La deuxième question a trait aux effets sociaux et sociétaux, qui sont importants.
La consommation du cannabis favorise le décrochage scolaire, l’absentéisme et la marginalisation sociale, tandis que son usage a souvent de lourdes répercussions sur l’équilibre familial, qu’il fragilise. Légaliser le cannabis pour les adultes reviendrait aussi à oublier le comportement naturellement transgressif des jeunes, qui s’affirment par la consommation à la fois de drogue et d’alcool.
Ainsi, l’interdiction des lieux de vente d’alcool à proximité des établissements scolaires ou sportifs n’a nullement empêché le phénomène de binge drinking chez les jeunes, y compris chez les collégiens.
La consommation d’alcool ou de drogue n’est pas sans relation avec le mal-être de notre société, qui peine à accompagner les jeunes vers leur vie d’adulte et, d'une façon générale, toutes les personnes fragiles. On ne peut passer sous silence la perte de repères et les difficultés de nombreux parents à assumer l’éducation de leurs enfants. Ce constat conduit même certaines communes à créer des « écoles de parents ».
Je crois que si la consommation de drogue a de lourdes conséquences sociales, les difficultés de notre société contribuent à encourager la recherche des paradis artificiels. À cet égard, le groupe UDI-UC regrette la faiblesse des propositions en termes de prévention et d’éducation. La prévention ne devrait-elle pas conduire à s’interroger sur les causes pour lutter avec efficacité contre les conséquences ?
Cette proposition de loi, madame la secrétaire d'État, reconnaît l’importance de la prévention ; mais celle-ci fonctionne très mal aujourd’hui ; le langage utilisé ne percute pas et aucun système ne centralise les initiatives. L’information reste cloisonnée au lieu d’être partagée entre la police ou la gendarmerie, la communauté éducative, le milieu associatif et la commune.
La troisième question soulevée par cette proposition de loi concerne ce que vous qualifiez, monsieur Desessard, de faillite du système de répression et de développement de la criminalité organisée.
Si la répression ne suffit pas à supprimer un danger, il ne peut y avoir de société sans règles et donc sans répression. La répression signale le risque et résonne comme une alerte, un garde-fou.

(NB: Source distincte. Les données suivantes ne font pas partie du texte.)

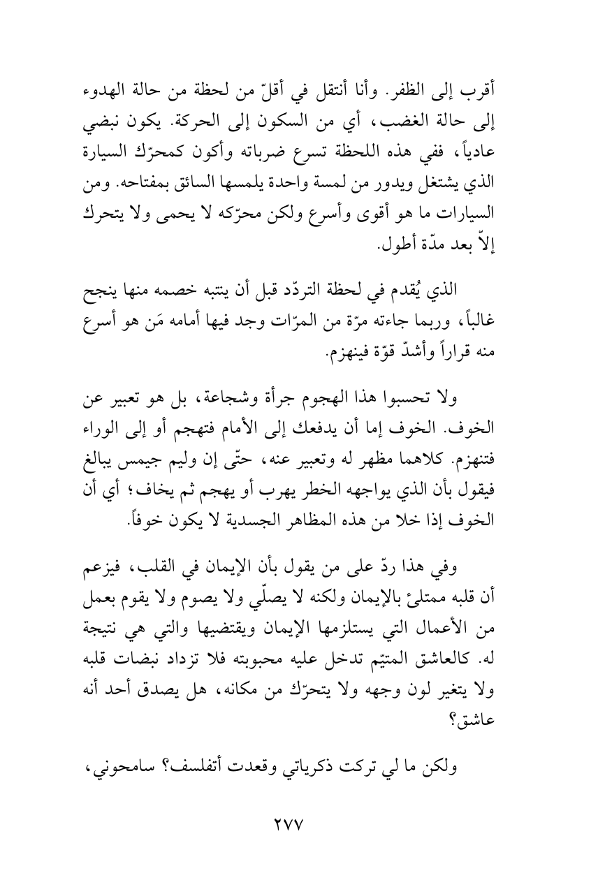 ولا تحسبوا هذا الهجوم جرأة وشجاعة، بل هو تعبير عن الخوف. الخوف إما أن يدفعك إلى الأمام فتهجم أو إلى الوراء فتنهزم. كلاهما مظهر له وتعبير عنه، حتّى إن وليم جيمس يبالغ فيقول بأن الذي يواجهه الخطر يهرب أو يهجم ثم يخاف؛ أي أن الخوف إذا خلا من هذه المظاهر الجسدية لا يكون خوفاً.

Selon le texte qui nous est proposé, la légalisation enrayerait l’économie souterraine mafieuse effectivement engendrée par la vente illégale de cannabis. Mais cette légalisation ne concernerait que les personnes majeures. Les jeunes continueraient donc à s’approvisionner de manière clandestine, avec la même insécurité. Par ailleurs, cette présomption revient à sous-estimer la capacité de la criminalité organisée, dont l’imagination est infinie, à choisir et à développer des productions afin de générer une nouvelle demande et de nouvelles sources de revenus.
De plus, penser que la législation aurait pour corollaire une diminution de la consommation de drogue conduirait inévitablement à se poser un jour la question de la légalisation d’autres drogues, telles que l’ecstasy, l’héroïne ou la cocaïne.
Enfin, nous devons garder à l’esprit une variable cruciale : le prix du produit légalisé. Un prix trop élevé n’aurait aucun effet sur l’économie souterraine, tandis qu’un prix trop faible entraînerait une augmentation de la consommation.
La quatrième question est celle des finances publiques.
Il est vrai, monsieur le rapporteur, que la création d’une nouvelle taxe sur le cannabis engendrerait des ressources fiscales non négligeables pour un État en difficulté. Mais si l’État voulait combler son déficit par une taxe sur des produits dangereux, comment expliquer aux industriels de l’agroalimentaire que l’État s’autorise ici ce qu’il condamne ailleurs ? En effet, lorsqu’un produit alimentaire présente un risque sanitaire, l’État engage avec diligence, à juste titre, des enquêtes sanitaires pouvant aller jusqu’à la fermeture d’un site de production.
Mais outre l’aspect quelque peu cynique de cette solution qui permettrait à l’État de combler partiellement son déficit en autorisant la vente de produits dangereux, il y a fort à parier que l’argent rapporté à l’État par cette taxe doive être assez naturellement utilisé pour couvrir les frais de santé publique résultant précisément d’une consommation croissante de cannabis.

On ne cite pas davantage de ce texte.